Novelist Jonathan Lethem, though firmly associated with New York bohemia and a kind of Brooklyn renaissance, will be coming to Pomona College to take over David Foster Wallace's old job.
The author of the Brooklyn-childhood novel The Fortress of Solitude and, more recently, the Upper East Side-set Chronic City is well known to readers of The Misread City: He's among the site's core writers, along with Ursula K. Le Guin, Philip K. Dick, Michael Chabon and Ross Macdonald. Of this esteemed group, he is the only one not lucky enough to have spent the majority his career on the West Coast. But that begins to change this fall, when Lethem arrives at the liberal arts school based in Claremont, where he begins teaching in January. Here is Pomona's release on the position.

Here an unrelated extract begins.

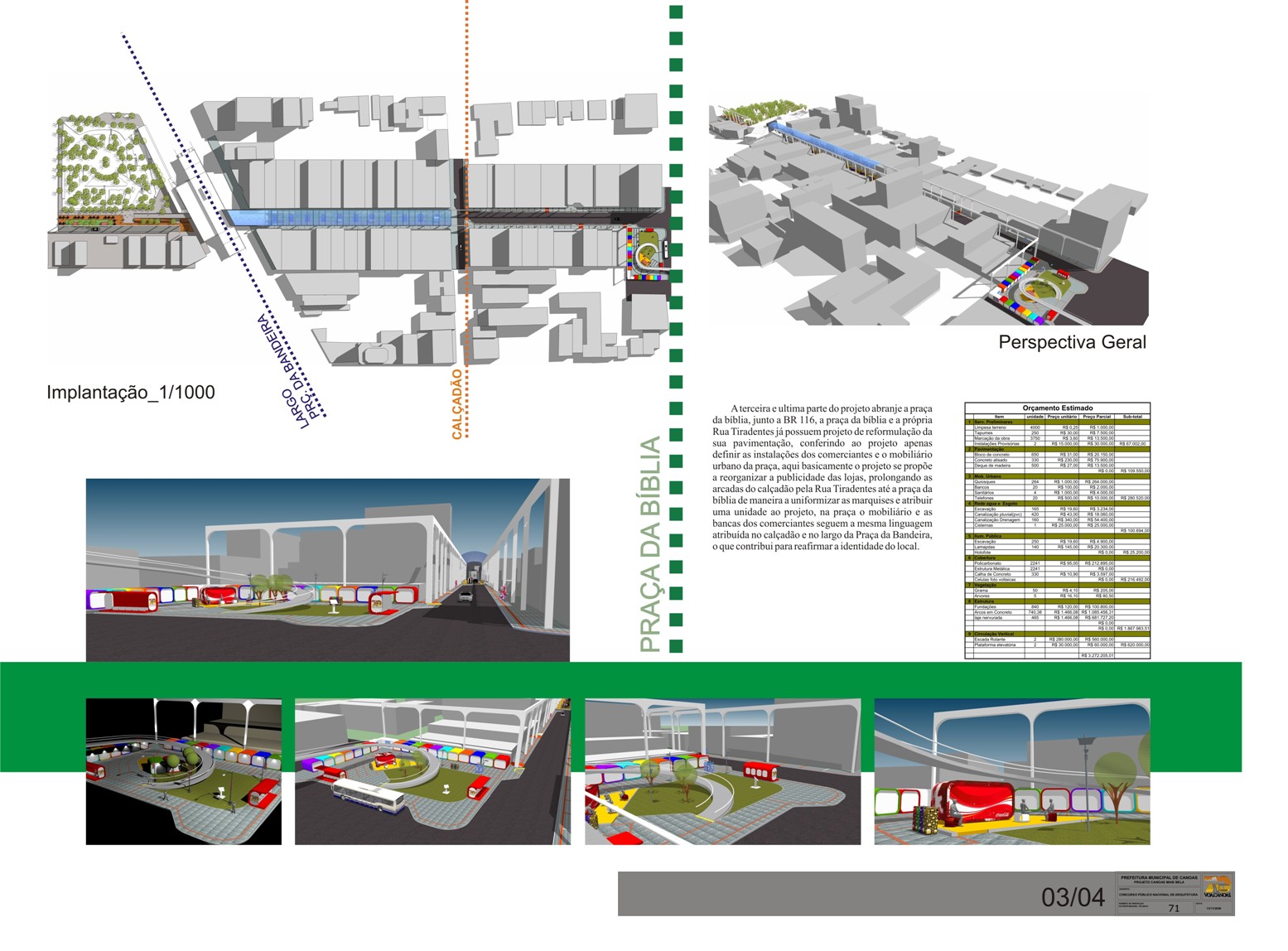A terceira e ultima parte do projeto abranje a praça da bíblia, junto a BR 116, a praça da bíblia e a própria Rua Tiradentes já possuem projeto de reformulação da sua pavimentação, conferindo ao projeto apenas definir as instalações dos comerciantes e o mobiliário urbano da praça, aqui basicamente o projeto se propõe a reorganizar a publicidade das lojas, prolongando as arcadas do calçadão pela Rua Tiradentes até a praça da bíblia de maneira a uniformizar as marquises e atribuir uma unidade ao projeto, na praça o mobiliário e as bancas dos comerciantes seguem a mesma linguagem atribuída no calçadão e no largo da Praça da Bandeira, o que contribui para reafirmar a identidade do local.

I've gotten to know Lethem slightly in our discussions about various authors, including his college classmate Bret Easton Ellis and his literary hero Philip K. Dick, whose Library of America volumes he has edited. Lethem is among the sharpest, intellectually rigorous and most culturally omnivorous people I know, and he's made an important push in the war to rehabilitate genre fiction. He's also a zealous Dylan fan.
Of course, despite representing a kind of post-Auster, vaguely indie-rockish spirit of Brooklyn writing, Lethem spent the first decade of his writing career in California. He lived in Berkeley from '85 to '96, working at Moe's Books and Pegasus bookstore and helping pioneer rock critic Paul Williams run the Philip K. Dick Society. Raymond Chandler and Macdonald are powerful influences on his early novels especially, and in '07 he set a slender comic novel, You Don't Love Me Yet, in Silver Lake, where he lived while putting it together.
So in some ways he's long been a California writer by osmosis.
The Misread City will speak to Lethem in the next few weeks about his imminent arrival and his thoughts about West Coast culture. Until then, all we can say is, Welcome, homes!